Activity:
The whole listing below, with no pictures, is to be repeated as it stands.

Supplied information:

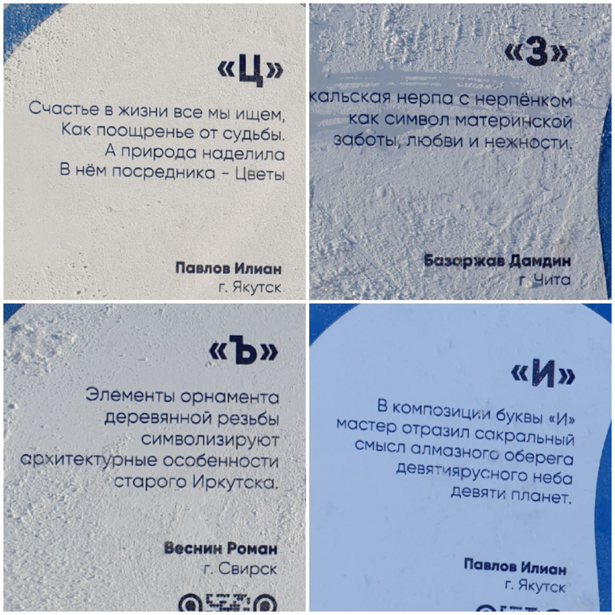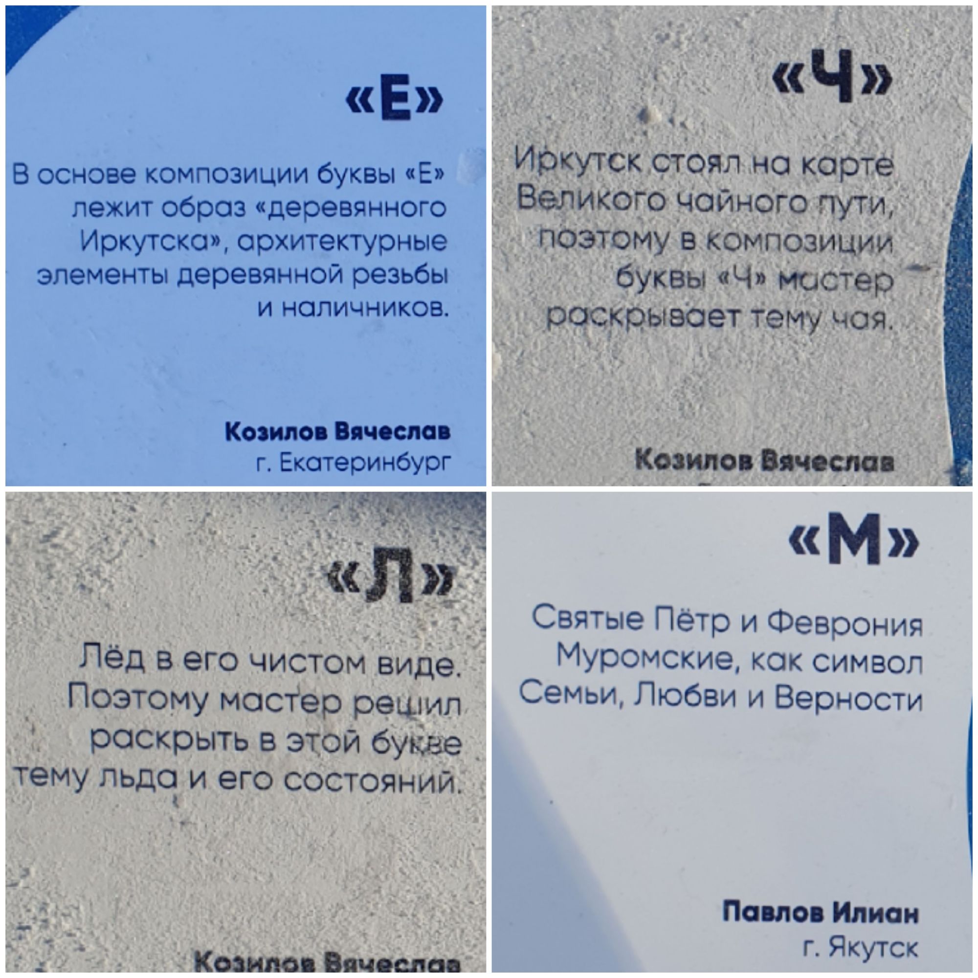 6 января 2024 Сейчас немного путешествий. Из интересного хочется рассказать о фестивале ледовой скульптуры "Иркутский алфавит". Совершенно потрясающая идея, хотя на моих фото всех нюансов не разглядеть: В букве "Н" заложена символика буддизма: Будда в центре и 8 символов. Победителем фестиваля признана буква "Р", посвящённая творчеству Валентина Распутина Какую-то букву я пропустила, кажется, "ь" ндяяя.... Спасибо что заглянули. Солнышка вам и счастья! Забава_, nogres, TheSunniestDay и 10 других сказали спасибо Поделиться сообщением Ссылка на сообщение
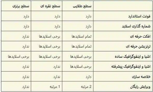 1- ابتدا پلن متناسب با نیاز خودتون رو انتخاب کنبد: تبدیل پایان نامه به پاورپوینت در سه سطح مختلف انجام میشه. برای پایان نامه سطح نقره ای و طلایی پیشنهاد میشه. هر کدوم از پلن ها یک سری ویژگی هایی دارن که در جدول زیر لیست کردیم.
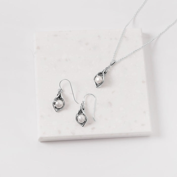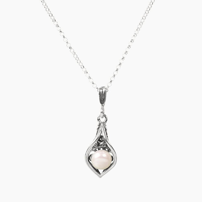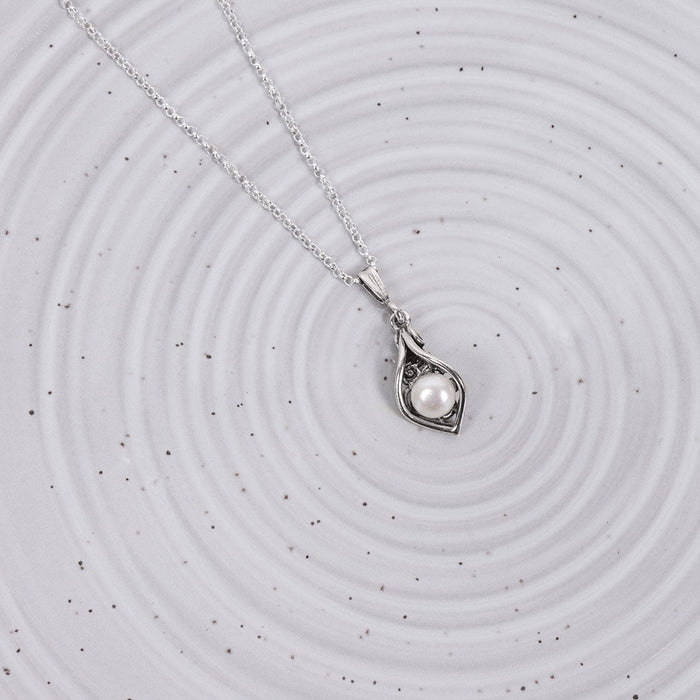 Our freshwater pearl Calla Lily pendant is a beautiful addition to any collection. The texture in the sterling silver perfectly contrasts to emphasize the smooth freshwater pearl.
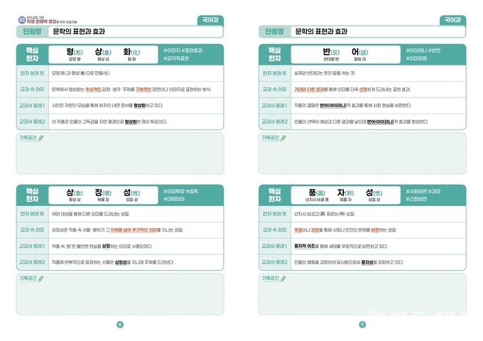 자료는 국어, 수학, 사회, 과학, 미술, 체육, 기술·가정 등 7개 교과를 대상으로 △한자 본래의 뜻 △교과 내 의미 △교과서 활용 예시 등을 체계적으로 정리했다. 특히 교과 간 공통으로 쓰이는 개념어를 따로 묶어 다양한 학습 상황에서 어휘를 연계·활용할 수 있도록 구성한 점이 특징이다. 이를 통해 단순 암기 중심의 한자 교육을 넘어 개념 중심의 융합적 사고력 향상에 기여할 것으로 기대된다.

Task result:
 6 января 2024 Сейчас немного путешествий. Из интересного хочется рассказать о фестивале ледовой скульптуры "Иркутский алфавит". Совершенно потрясающая идея, хотя на моих фото всех нюансов не разглядеть: В букве "Н" заложена символика буддизма: Будда в центре и 8 символов. Победителем фестиваля признана буква "Р", посвящённая творчеству Валентина Распутина Какую-то букву я пропустила, кажется, "ь" ндяяя.... Спасибо что заглянули. Солнышка вам и счастья! Забава_, nogres, TheSunniestDay и 10 других сказали спасибо Поделиться сообщением Ссылка на сообщение
 1- ابتدا پلن متناسب با نیاز خودتون رو انتخاب کنبد: تبدیل پایان نامه به پاورپوینت در سه سطح مختلف انجام میشه. برای پایان نامه سطح نقره ای و طلایی پیشنهاد میشه. هر کدوم از پلن ها یک سری ویژگی هایی دارن که در جدول زیر لیست کردیم.
 Our freshwater pearl Calla Lily pendant is a beautiful addition to any collection. The texture in the sterling silver perfectly contrasts to emphasize the smooth freshwater pearl.
 자료는 국어, 수학, 사회, 과학, 미술, 체육, 기술·가정 등 7개 교과를 대상으로 △한자 본래의 뜻 △교과 내 의미 △교과서 활용 예시 등을 체계적으로 정리했다. 특히 교과 간 공통으로 쓰이는 개념어를 따로 묶어 다양한 학습 상황에서 어휘를 연계·활용할 수 있도록 구성한 점이 특징이다. 이를 통해 단순 암기 중심의 한자 교육을 넘어 개념 중심의 융합적 사고력 향상에 기여할 것으로 기대된다.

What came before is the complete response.